_Brief_
Using the entries below, copy exactly each line from the line with "會(huì)議伊始,科研合作" up to and including the line with "附表:Tiktok / Instagram排名前十的寵物博主(截至2025年11月)", with every picture left out.

_Dataset excerpts_
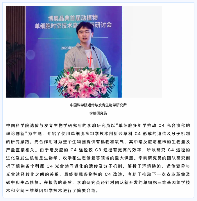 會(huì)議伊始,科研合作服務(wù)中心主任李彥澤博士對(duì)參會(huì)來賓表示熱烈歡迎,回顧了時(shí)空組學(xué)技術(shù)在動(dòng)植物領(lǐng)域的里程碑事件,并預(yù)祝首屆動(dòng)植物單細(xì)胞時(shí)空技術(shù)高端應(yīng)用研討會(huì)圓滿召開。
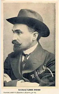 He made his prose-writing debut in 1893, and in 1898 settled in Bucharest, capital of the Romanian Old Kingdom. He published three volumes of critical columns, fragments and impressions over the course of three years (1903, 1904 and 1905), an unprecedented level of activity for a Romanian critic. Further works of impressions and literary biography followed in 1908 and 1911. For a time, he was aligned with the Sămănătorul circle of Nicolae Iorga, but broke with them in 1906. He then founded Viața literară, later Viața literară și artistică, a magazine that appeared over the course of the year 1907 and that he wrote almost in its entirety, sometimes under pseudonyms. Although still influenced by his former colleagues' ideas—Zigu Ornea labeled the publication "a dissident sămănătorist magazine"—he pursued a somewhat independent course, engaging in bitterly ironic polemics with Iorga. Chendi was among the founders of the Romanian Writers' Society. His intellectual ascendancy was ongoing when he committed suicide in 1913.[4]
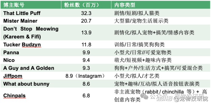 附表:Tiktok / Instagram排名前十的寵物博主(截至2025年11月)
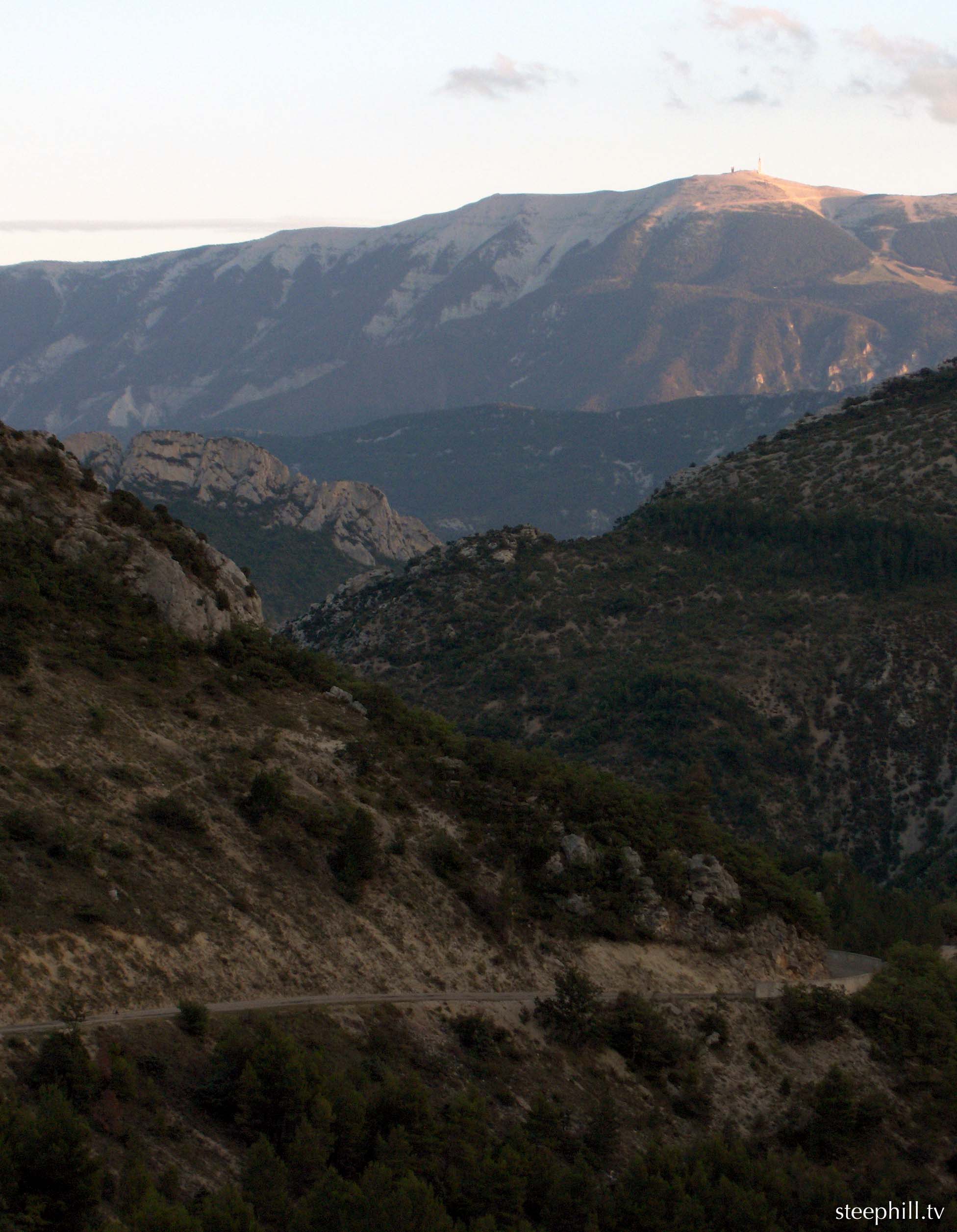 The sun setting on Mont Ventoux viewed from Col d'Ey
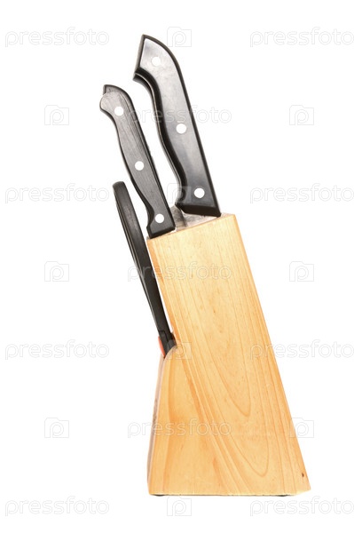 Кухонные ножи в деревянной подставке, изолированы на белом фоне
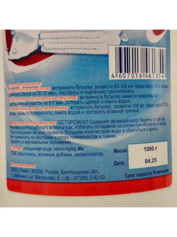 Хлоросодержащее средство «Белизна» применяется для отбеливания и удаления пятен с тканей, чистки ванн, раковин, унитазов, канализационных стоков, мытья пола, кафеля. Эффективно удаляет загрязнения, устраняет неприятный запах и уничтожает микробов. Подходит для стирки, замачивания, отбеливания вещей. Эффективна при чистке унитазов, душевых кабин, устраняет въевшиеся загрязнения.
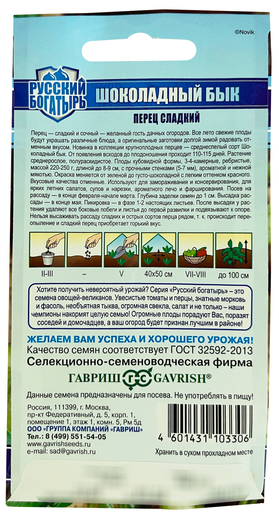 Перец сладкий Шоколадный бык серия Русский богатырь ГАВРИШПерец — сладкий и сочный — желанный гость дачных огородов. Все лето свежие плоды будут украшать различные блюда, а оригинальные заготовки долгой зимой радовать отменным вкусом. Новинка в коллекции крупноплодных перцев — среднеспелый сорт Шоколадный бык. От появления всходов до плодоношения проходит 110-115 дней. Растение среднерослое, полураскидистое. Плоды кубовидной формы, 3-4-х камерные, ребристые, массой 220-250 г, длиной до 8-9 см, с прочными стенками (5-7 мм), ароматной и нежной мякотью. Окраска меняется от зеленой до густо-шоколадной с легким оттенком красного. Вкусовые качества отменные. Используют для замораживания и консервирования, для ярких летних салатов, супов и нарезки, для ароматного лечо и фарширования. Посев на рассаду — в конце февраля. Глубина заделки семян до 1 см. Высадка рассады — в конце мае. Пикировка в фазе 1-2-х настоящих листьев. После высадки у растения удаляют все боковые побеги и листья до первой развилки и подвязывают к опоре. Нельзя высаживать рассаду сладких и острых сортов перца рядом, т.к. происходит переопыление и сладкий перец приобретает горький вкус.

* * *

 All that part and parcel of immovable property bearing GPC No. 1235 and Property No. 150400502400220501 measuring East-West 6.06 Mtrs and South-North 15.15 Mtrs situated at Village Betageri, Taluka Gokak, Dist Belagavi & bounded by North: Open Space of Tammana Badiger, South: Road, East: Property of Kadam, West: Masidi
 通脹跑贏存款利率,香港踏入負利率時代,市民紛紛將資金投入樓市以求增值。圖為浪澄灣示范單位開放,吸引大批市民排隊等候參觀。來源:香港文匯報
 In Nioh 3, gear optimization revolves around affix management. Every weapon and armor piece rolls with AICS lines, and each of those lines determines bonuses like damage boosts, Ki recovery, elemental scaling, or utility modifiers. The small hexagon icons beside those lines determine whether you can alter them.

_Task output_
 會(huì)議伊始,科研合作服務(wù)中心主任李彥澤博士對(duì)參會(huì)來賓表示熱烈歡迎,回顧了時(shí)空組學(xué)技術(shù)在動(dòng)植物領(lǐng)域的里程碑事件,并預(yù)祝首屆動(dòng)植物單細(xì)胞時(shí)空技術(shù)高端應(yīng)用研討會(huì)圓滿召開。
 He made his prose-writing debut in 1893, and in 1898 settled in Bucharest, capital of the Romanian Old Kingdom. He published three volumes of critical columns, fragments and impressions over the course of three years (1903, 1904 and 1905), an unprecedented level of activity for a Romanian critic. Further works of impressions and literary biography followed in 1908 and 1911. For a time, he was aligned with the Sămănătorul circle of Nicolae Iorga, but broke with them in 1906. He then founded Viața literară, later Viața literară și artistică, a magazine that appeared over the course of the year 1907 and that he wrote almost in its entirety, sometimes under pseudonyms. Although still influenced by his former colleagues' ideas—Zigu Ornea labeled the publication "a dissident sămănătorist magazine"—he pursued a somewhat independent course, engaging in bitterly ironic polemics with Iorga. Chendi was among the founders of the Romanian Writers' Society. His intellectual ascendancy was ongoing when he committed suicide in 1913.[4]
 附表:Tiktok / Instagram排名前十的寵物博主(截至2025年11月)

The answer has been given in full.